A nova publicação de Cíntia Ertel se encaixa como uma luva nesse nível de excelência narrativa. Uma vez que o julguei o melhor livro apreciado nos últimos 30 dias, seu destino era ganhar uma análise literária gigante (ou minúscula, fica a seu critério decidir). Confesso que mesmo que minhas críticas não sejam lidas por uma multidão (estamos falando de literatura para o público brasileiro, né?), fico honrado por conseguir apresentar as preciosidades da ficção (e do universo artístico) para meus conterrâneos. Quem manda ter um blog de literatura, cultura e entretenimento, não é mesmo?! Portanto, aí está a produção do post que prometi para mim mesmo que faria e divulgaria!

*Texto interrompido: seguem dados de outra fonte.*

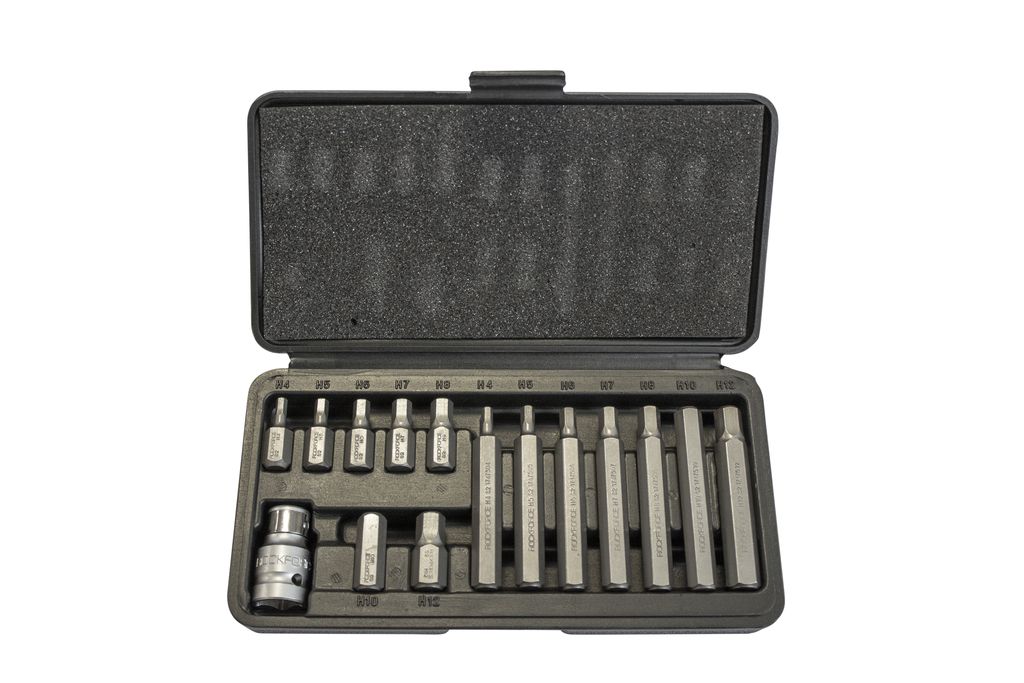 Набір ROCKFORCE RF-4155 включає 15 предметів: 14 біт HEX із шестигранним хвостовиком 10мм, із сталі CrV, та перехідник. Перехідник дозволяє встановлювати біти на ключ-тріскачку, пневмогайковерт або пневмотріщину для монтажу та демонтажу єврогвинтів зі шліцами HEX H4-H12. Набір призначень для використання в автомайстернях та на виробництві автомобілів. Високий ресурс - біти з хромованадієвої сталі твердістю 50-53 HRC відрізняються зносостійкістю.Можливість роботи у важкодоступних місцях – в комплект входять насадки завдовжки 75 мм. Зміст: 10 мм шестигранник 4; 5; 6; 7; 8; 10; 12 мм (30 мм)10 мм шестигранник 4; 5; 6; 7; 8; 10; 12 мм (75 мм)Тримач біт 1/2"DR.x10мм

Sem receios de tropeçar nas pernas do exagero, digo em alto e bom tom que essa história de Cíntia Ertel é leitura obrigatória para crianças, adolescentes, pais e educadores. “O Menino que Vivia no Mundo de... Marte!” trata de questões delicadíssimas e atuais: o bullying escolar, o vício nas telas e a aridez dos relacionamentos entre pais e filhos. Como consequência, a molecadinha cresce insegura, deprimida, solitária e ansiosa (quando não violenta). Mesmo não tendo criança em casa (ainda não concluí a fase do jogo da vida de encontrar/selecionar/convencer a mãe dos meus futuros filhos), vejo que esse trio de temas afeta grande parte de meus parentes, amigos, colegas, conhecidos e vizinhos.

Publicado em setembro de 2024 pela EV Publicações, O Menino que Vivia no Mundo de...Marte! é o novo livro infantil de Cíntia Ertel, e o primeiro título dela para os pré-adolescentes

Os leitores mais assíduos do Bonas Histórias devem saber (ou intuitivamente já perceberam) que minha especialidade não é a literatura infantil nem a literatura infantojuvenil. Para ser bem franco, diria que sou apenas um amador nessas duas áreas. Dentro da ficção literária, meu campo de trabalho e estudo está nas narrativas para o público adulto – tenho medo de falar/escrever ficção adulta porque parece algo do segmento erótico. Quando o debate vai para os romances, as novelas e as coletâneas de contos e crônicas para a galera mais velha, aí sim fico à vontade para debater e analisar as obras que caem em minhas mãos. Todavia, como a proposta do blog é ser plural, me sinto na obrigação de vira e mexe comentar alguns títulos para os pequenos. Daí o motivo de, mesmo sabendo que não sou a pessoa mais indicada para comentá-lo, trazer “O Menino que Vivia no Mundo de... Marte!” para a discussão na coluna Livros – Crítica Literária.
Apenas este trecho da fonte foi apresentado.